Second-line maintenance therapy with niraparib improved overall survival vs active surveillance in patients with recurrent BRCA wild-type ovarian cancer.
Second-line maintenance therapy with niraparib (Zejula) improved overall survival (OS) vs active surveillance (AS) in patients with recurrent BRCA wild-type ovarian cancer, according to data from a real-world study presented at the 2023 ASCO Annual Meeting.1
“Overall, the study provided informative data on niraparib’s overall survival in BRCA wild type real world clinical practice population in the US receiving second-line maintenance niraparib compared with those under active surveillance,” Robert L. Coleman, MD, FACOG, FACS, gynecologic oncologist with Texas Oncology, a practice in The US Oncology Network, and codirector of the Gynecologic Oncology Group Partners Foundation, said in a presentation of the data at ASCO.
For the second-line maintenance niraparib and AS groups, median follow-up was 16.8 months (range, 10.4-28.7) and 10.2 months (range, 4.1-23.7), respectively.
Treatment with second-line niraparib monotherapy led to a median OS of 28.12 months (95% CI, 22.54-43.24), compared with 21.45 months (95% CI, 14.72-27.04) with AS (HR, 0.63; 95% CI, 0.45-0.88). Further, 24-month OS rates were 58.2% (95% CI, 47.5%-67.6%) and 46.1% (95% CI, 33.6%-57.7%), respectively.
“Data distinguishing between germline and somatic BRCA mutations were not available; therefore, conclusions can only be made for BRCAwt patients,” Coleman et al concluded.
In the trial presented at ASCO, Coleman and colleagues aimed to compare OS in the BRCAwt population of patients with recurrent ovarian cancer and who received second-line maintenance niraparib monotherapy or were under AS. The NOVA study-like population was comprised of patients with an ECOG performance status score of 0-1, known histology, and platinum-sensitive disease with 6 months or more between the end of first-line therapy and the start of second-line treatment.
The investigators used the US nationwide Flatiron Health de-identified electronic health record (EHR)-derived database, across approximately 280 cancer clinics, to identify patients diagnosed with epithelial ovarian cancer between January 1, 2011, and May 31, 2022, who completed second-line non-maintenance therapy between January 1, 2017, and March 2, 2022.
In total, 266 patients with BRCAwt disease received second-line maintenance therapy with niraparib (n = 123) or AS (n = 143).
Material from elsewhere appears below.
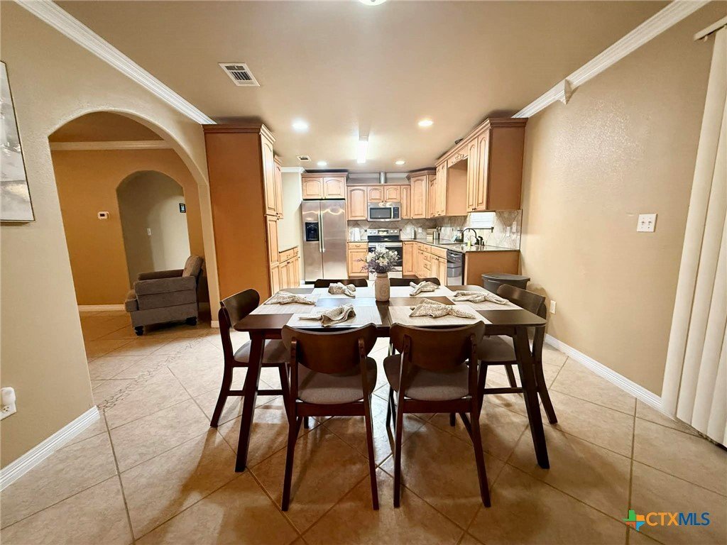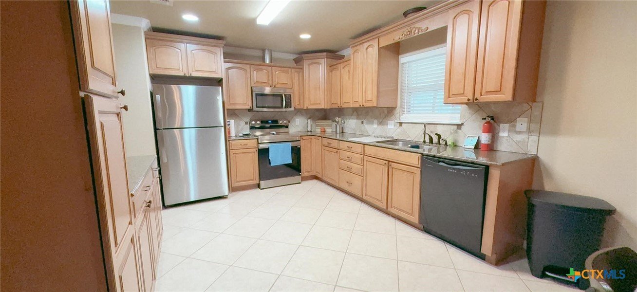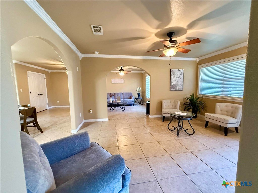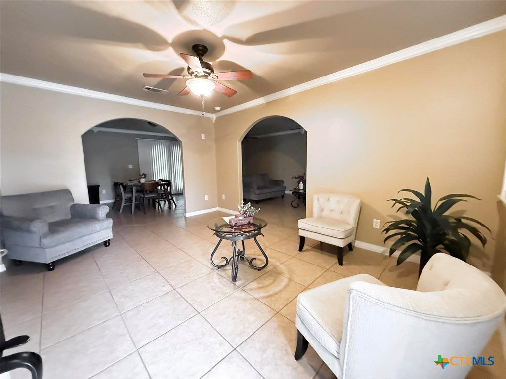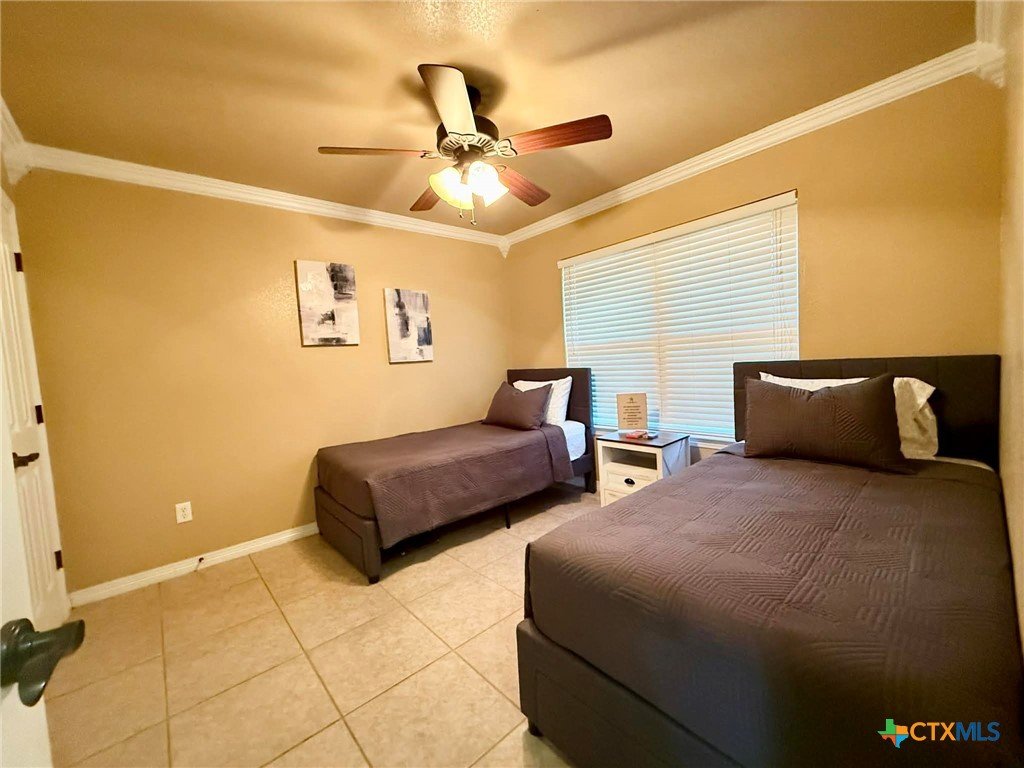 Relax with the whole family at this peaceful fully furnish place to stay. Fully renovated home. Three bedrooms, two living areas, two baths, spacious kitchen and dining area, utility closet. Front Porch, Covered patio and fenced yard. TVs in living room and 2 bedrooms. Spacious and comfortable rooms. No carpet, tiled floors. Ceiling fans in all rooms. 2 rooms with TVs. Nightstands have charging ports and lights.

Follow-up was measured from the index date, or the end of second-line non-maintenance therapy, until end of study, last activity, or death, whichever came first. The cloning approach to the trial included a target trial emulation cloned inverse probability of censoring weighting methodology.
Overall, in the niraparib and AS cohorts, 23.6% and 34.3% of patients, respectively, were age 75 years or older, while 26.0% and 16.8% reported an EHR value of race other than White. Furthermore, the majority of patients reported with stage III disease (53.7% vs 60.8%, respectively) and serous ovarian cancer (79.7% vs 81.1%).
In addition, after the index rate date, patients in the niraparib and AS cohorts received at least 1 or more oncologist-defined, rule-based line of therapy (61.8% vs 69.9%, respectively), including 20.3% and 21.0% who received 3 or more.
“Patients with advanced ovarian cancer typically have a high rate of recurrence and a poor prognosis the 5-year survival rate is approximately 30% for patient with advance disease,” Coleman et al wrote.
Therefore, in the randomized, double-blind, placebo-controlled phase 3 NOVA trial (NCT01847274) aimed to determine the efficacy of second-line niraparib monotherapy in patients with platinum-sensitive recurrent ovarian cancer who had an ECOG performance status of 0-1 and known histology.2-3
In the trial, second-line niraparib maintenance demonstrated an improvement in progression-free survival (PFS) among those with germline-BRCA (gBRCA) mutation, indicating its benefit beyond progression, Coleman et al wrote.
While PFS improved, OS, a secondary end point in the trial, with niraparib demonstrated a trend toward improved survival in patients with a gBRCA-mutation based on adjusted analyses (median OS, 40.9 months vs 38.1 months; HR, 0.85; 95% CI, 0.61-1.20). However, Coleman et all noted that “analyses were confounded by imbalances in post-progression therapy by treatment arm in gBRCA mutation and non-gBRCA mutation cohorts.”
Further, secondary end points, such as PFS2, chemotherapy-free interval, and time to first and second subsequent therapy also demonstrated benefit from niraparib in both cohorts.